Professor Statistical Analysis of Incomplete Data

During my career in both TNO and academia, I have pioneered quantitative algorithms for replacing a missing value with a distribution.

Research area

Missing values are the data we do not see. Missing data may lead us to misunderstand the world, draw incorrect conclusions and make poor decisions. In practice, data are always incomplete. How, then, can we draw valid conclusions?

Well, imagine what the complete data would look like, determine what is missing and why, and then try to recreate the missing data from what we know. Of course, this recreation can never be perfect, so we need to represent these new synthetic data as distributions instead of point values. This approach allows us to evade systematic errors in our judgment if done correctly.
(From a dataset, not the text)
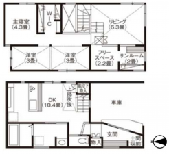 ◆土地面積約22.02坪 ◆スキップフロア式の3LDK ◆シューズインクローゼット+ウォークインクローゼットの大容量収納
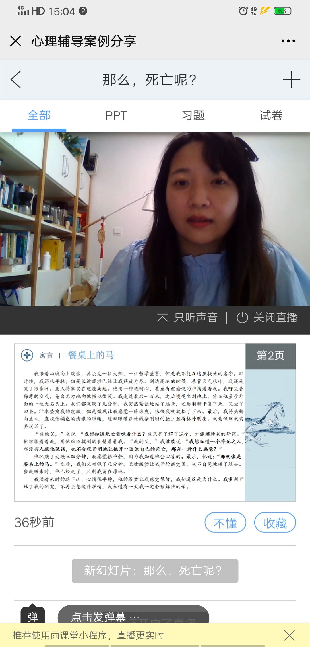 本次主讲老师龙茜以寓言故事《餐桌上的马》起头,结合自己在咨询中接到的个案,与参训老师们分享了怎样帮扶遇到亲友亡故的学生、如何在危机干预中谈生死,并在最后回答了参训老师们的弹幕提问。“死亡是一个不招人喜欢,但却无法回避的话题”,参训老师赵毅媛反馈,“就像‘餐桌上的马’,当我们正视和以适当的方式讨论它,就可以调整它对我们的影响。”

During my career in both TNO and academia, I have pioneered quantitative algorithms for replacing a missing value with a distribution. These methods learn plausible values from the observed data. The Multivariate Imputation by Chained Equations (MICE) algorithm is the de facto standard for completing and analysing data in many fields.

Investigators both within and outside TNO and across many sciences rely on MICE. I apply MICE and related methodologies in many TNO projects, especially in child growth, development, healthy living, and projects for the World Health Organisation and the Bill & Melinda Gates Foundation.

Recent results

  • The Global Scales of Early Development (GSED) project led by the World Health Organisation bases new instruments for measuring child development on the D-score, an innovation by TNO.
  • To ease co-development, we organised development of novel R software in three new GitHub organisations: amicesD-score and growthcharts.
  • The second edition of Flexible Imputation of Missing Data now includes a free and integral online version, including all R code to calculate the results.
  • MICE software is downloaded at a rate of about 60,000 downloads per month. The MICE paper from 2011 approaches 10,000 citations.
  • The Joint Automatic Measurement and Evaluation System (JAMES) webservice handles about one million requests per month.
  • We have separate gateways for D-score work at Gates Open Research
  • The new package brokenstick on CRAN excels at combining, analysing and predicting individual health trajectories.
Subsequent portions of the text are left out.